В одном из своих «Моральных чтений» (XXII–XXIII. О должностях воспитания, в особенности в первые годы жизни ребёнка) он писал: «…Воспитывать детей – значит так образовывать их разум, сердце, тело и особенности их природных дарований, чтобы они могли жить на счастье себе и другим и умели достигать важнейших целей своего существования. Воспитывать детей – значит с ранних лет наставлять их, чтобы они познавали Бога, себя самих, людей и религию и учились выстраивать свои отношения в соответствии с этими познаниями; чтобы они с ранних лет учились понимать и любить мудрость, долг и добродетель и действовать в соответствии с ними. Равным образом при воспитании мы переносим в души юношей свет нашего разума, свет религии, преимущества опытности и блага нашего сердца; речь идёт только о способе, которым мы это делаем, а наилучший способ предопределяется в каждом отдельном случае характером самого ребёнка».

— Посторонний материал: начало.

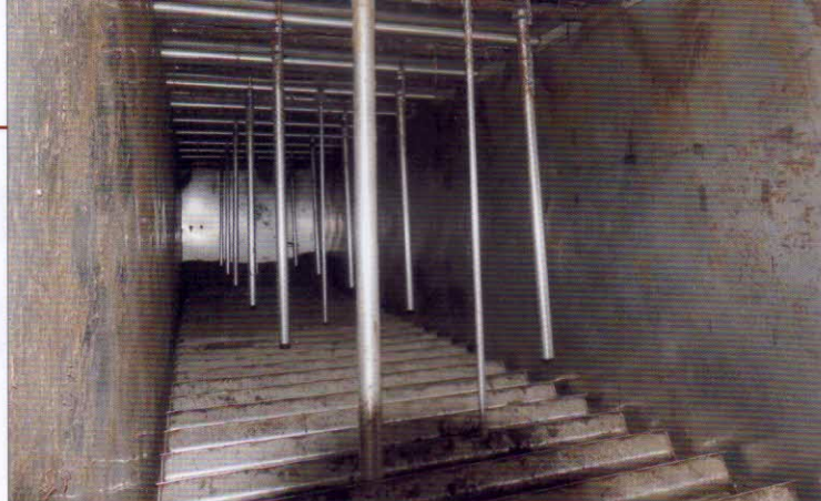
Vnitřní prostor aerobního fermentoru EWA

«Невоздержанные, нездоровые, злобные и тупые родители имеют мало надежды на здоровое, разумное и добросердечное потомство; и какова же тогда обязанность как в холостом состоянии, так и в браке беречься от всякого зла, которое может быть передано телу или душе потомка и укорениться в нём?»
И добродетельные родители могут дурно воспитать ребенка – по мнению философа, виною всему родительская любовь. К счастью, воспитание редко зависит только от них. Часто дети дурных родителей оказываются в руках хороших учителей. Весьма современно звучит призыв не воспринимать образование как услуги и не путать наставника с лакеем: «Родители, которые рассматривают надзирающего за детьми как первого слугу в доме, считают, что скудная денежная сумма в год чрезмерно щедра за его труд, и выказывают пренебрежение к нему, унижая его на глазах детей, глупы, если полагают, что их дети получат хорошее воспитание. Родители, спрашивающие с наставника лишь ловкость, а не нравственность и хорошее сердце, не разбираются должным образом ни в воспитании, ни в природе человека. Люди, беззаботно рекомендующие таких лиц для этой должности, грешат не только против отдельных семейств, но и перед общим благом».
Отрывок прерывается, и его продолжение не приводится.